Investigate on the Fluid Dynamics and Heat Transfer Behavior in an Automobile Gearbox Based on the LBM-LES Model

With the rapid development of the new energy vehicle market, the demand for efficient, low-noise, low-energy consumption, high-strength, and durable gear transmission systems is continuously increasing. Therefore, it has become imperative to conduct in-depth research into the fluid heat transfer and lubrication dynamics within gearboxes. In gear systems, the interaction between fluids and solids leads to complex nonlinear heat transfer characteristics between gears and lubricants, making the development and resolution of gearbox thermodynamic models highly challenging. This paper proposes a gear lubrication heat transfer dynamics model based on LBM-LES coupling to study the dynamic laws and heat transfer characteristics of the gear lubrication process. The research results indicate that the interaction between gears and the intense shear effects caused by high speeds generate vortices, which are particularly pronounced on larger gears.
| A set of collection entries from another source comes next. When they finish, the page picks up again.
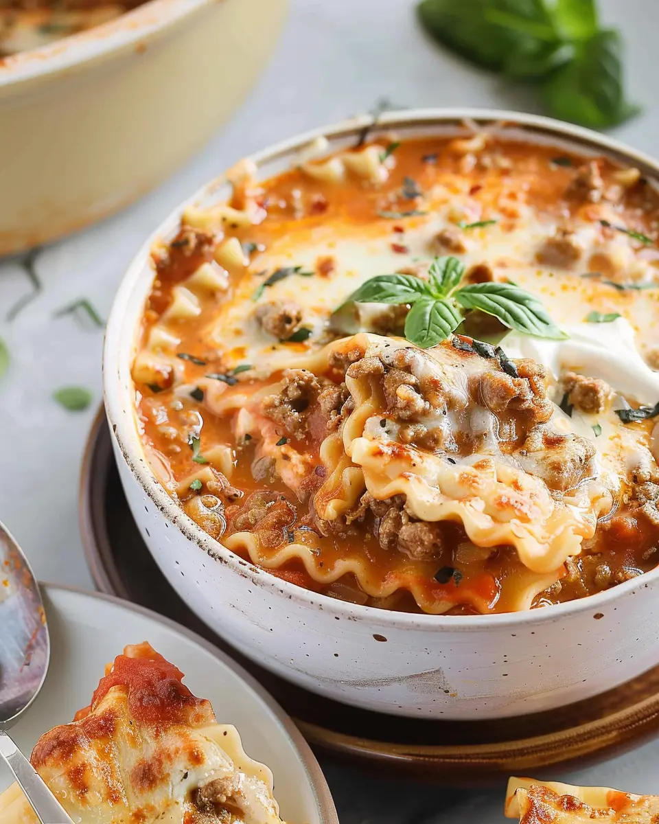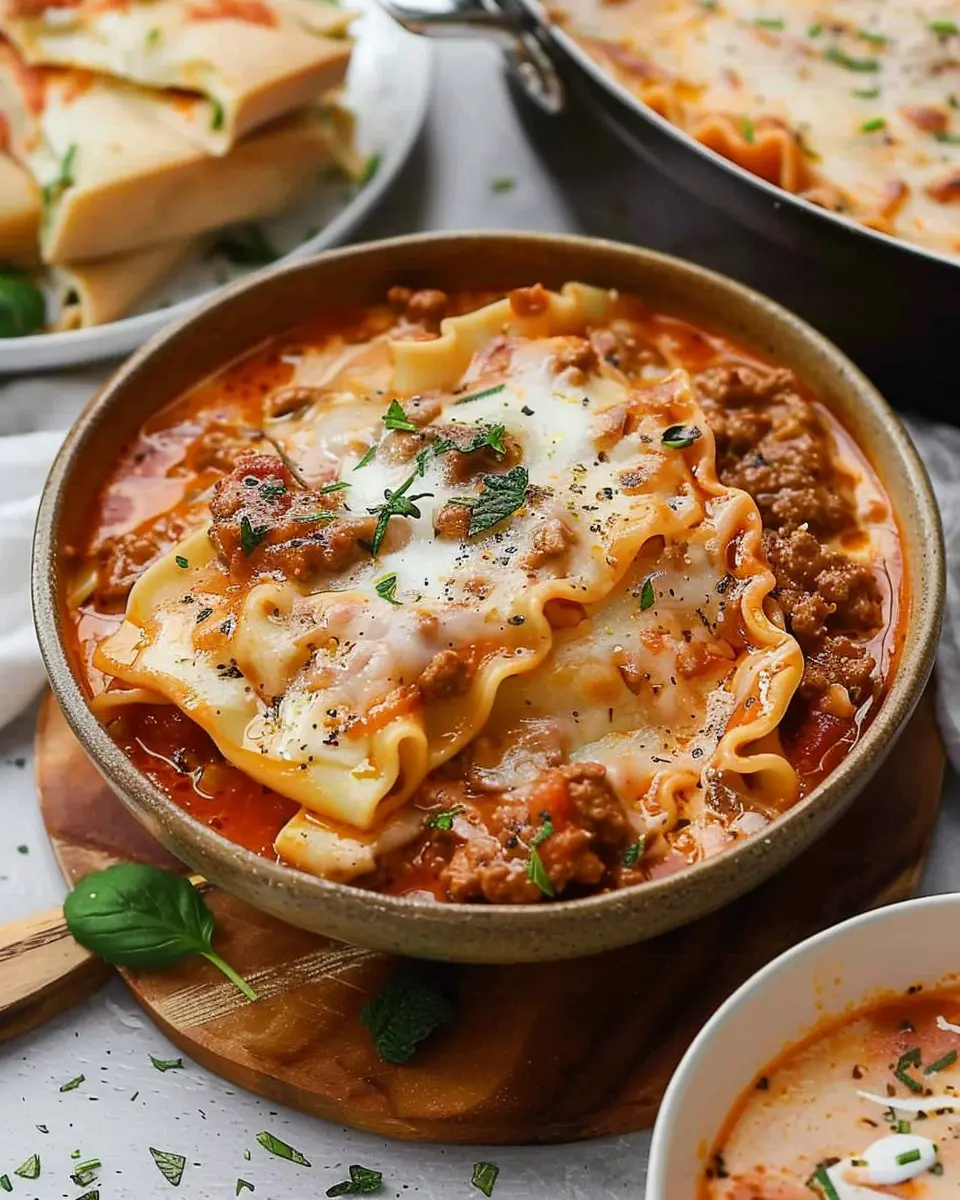 Now you have a delicious, hearty bowl of creamy lasagna soup ready to warm your soul and delight your taste buds. Share it with friends or enjoy it during a cozy night in. This versatile dish works well with garlic bread or a fresh salad on the side! Happy cooking!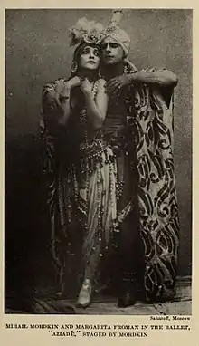 Mikhail Mordkin (Russian: Михаил Михайлович Мордкин; December 9, 1880, Moscow, Russian Empire – July 15, 1944, New York)[1] graduated from the Bolshoi Ballet School in 1899, and in the same year was appointed ballet master.[2]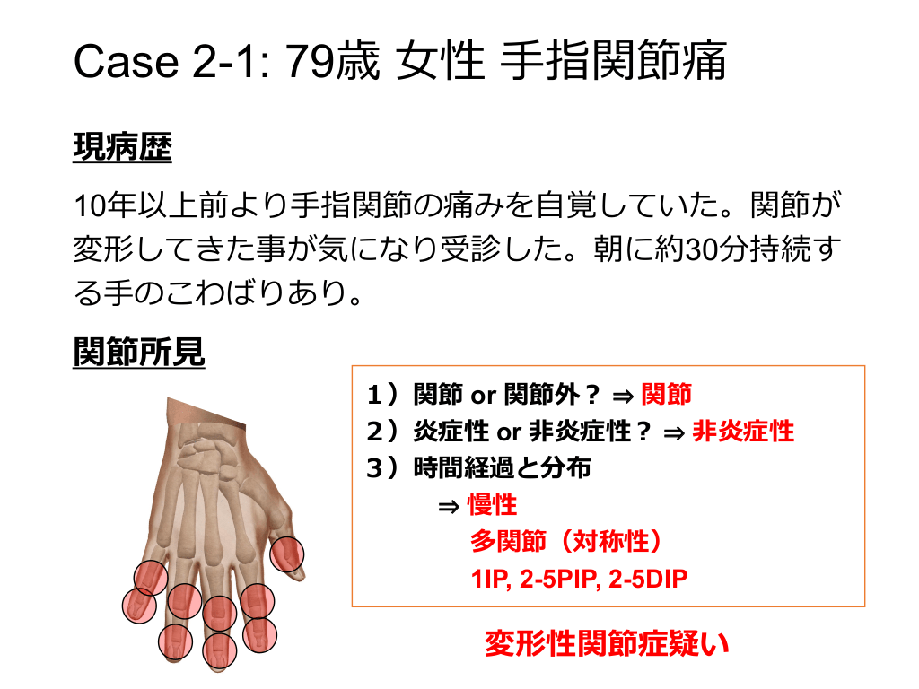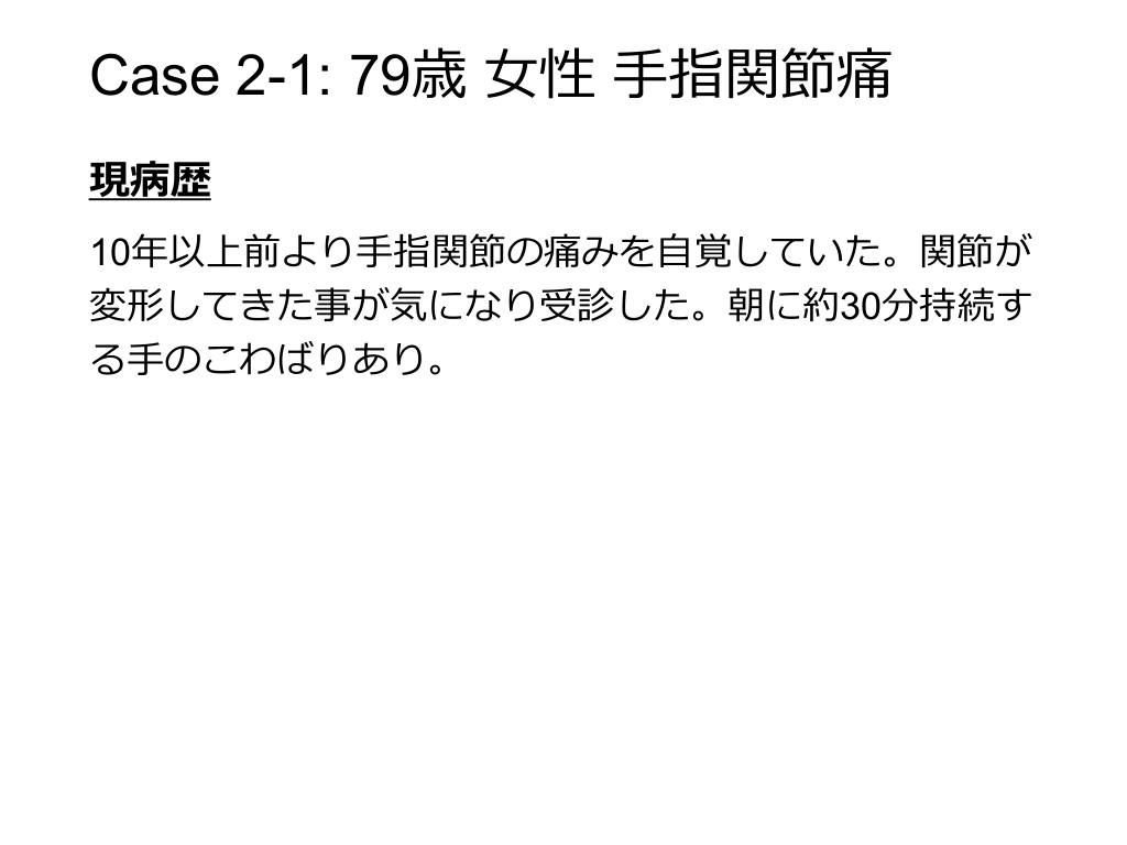 #51. Case 2-1: 79歳 女性 手指関節痛 現病歴 10年以上前より手指関節の痛みを自覚していた。関節が 変形してきた事が気になり受診した。朝に約30分持続す る手のこわばりあり。

The fluid mixing effect in these high vortex regions is better, achieving a more uniform heat dissipation effect. Furthermore, the flow characteristics of the lubricant are closely related to speed and temperature. Under high-temperature conditions (such as 100 °C), the diffusion range of the lubricant increases, forming a wider oil film, but its viscosity significantly decreases, leading to greater stirring losses. By optimizing the selection of lubricants and stirring parameters, the efficiency and reliability of the gear transmission system can be further improved, extending its service life. This study provides a comprehensive analytical framework for the thermodynamic characteristics of multi-stage transmission systems, clarifying the heat transfer mechanisms within the gearbox and offering new insights and theoretical foundations for future research and engineering applications in this field.